Without standards, you get fragmentation. Fragmentation is a kind of friction. It isolates organizations, and parts of organizations, from each other. It forces people to negotiate unnecessary boundaries. It makes it less easy for people to work together. It stifles innovation. And it erodes quality.
Fragmentation also makes organizations – and entire industries – vulnerable to competition from more coherent rivals. Your competitors don't have to waste time and money on the institutionalized workarounds that compensate for fragmentation. Also, they are connected by default in their constituent elements, their partnerships, and their market access. Fragmented organizations can't even sense the opportunities they are missing – without the cognitive architecture that standards bring, they don't even know their worldview is incomplete.
The value of standards is potentially infinite, so it's debatable whether you should measure it.
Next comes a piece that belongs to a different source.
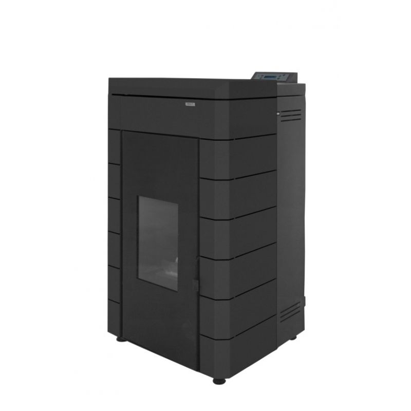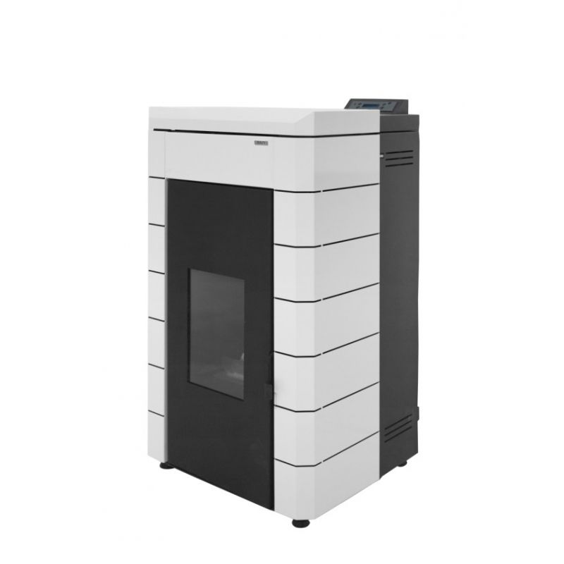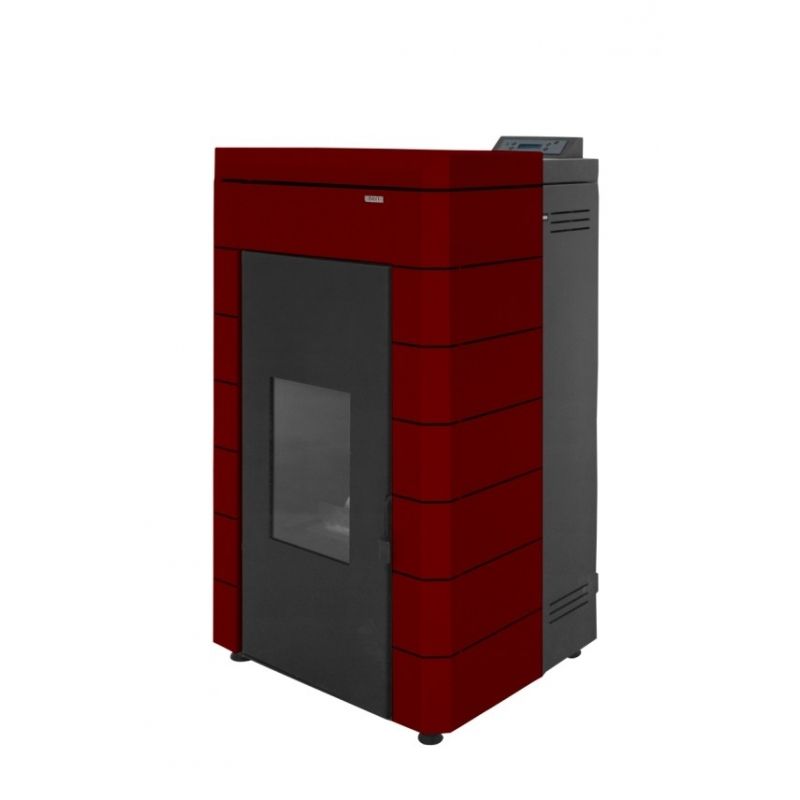 Estufa de Pellets Baxiroca Alae Agua. Potencia de 23 kW 19.780 kilocalorias, (sin envolvente). Disponible en 3 colores de envolvente, blanco, negro y burdeos. El precio del envolvente es a parte. Estufa de pie doméstica de chapa de acero.

Measures of standards are important today because we still need to wake people to what they're missing. They need a ballpark for standards value, and that ballpark proves to be billions of dollars.
I believe we're now moving in to a phase where it's more relevant to measure the cost of fragmentation. Decision makers must attack fragmentation, rather than defending standards. We need people to make business cases for the fragmented status quo if they want to keep things that way.
It may actually be easier to measure the cost of fragmentation than the value of standards. Fragmentation is part of the as-is situation. There's lots of data points you can capture. What time does it take to progress this case from open to close? How many instances of rework are there for each type of case? How many local protocols are there for handling common data? How many spreadsheets get passed around?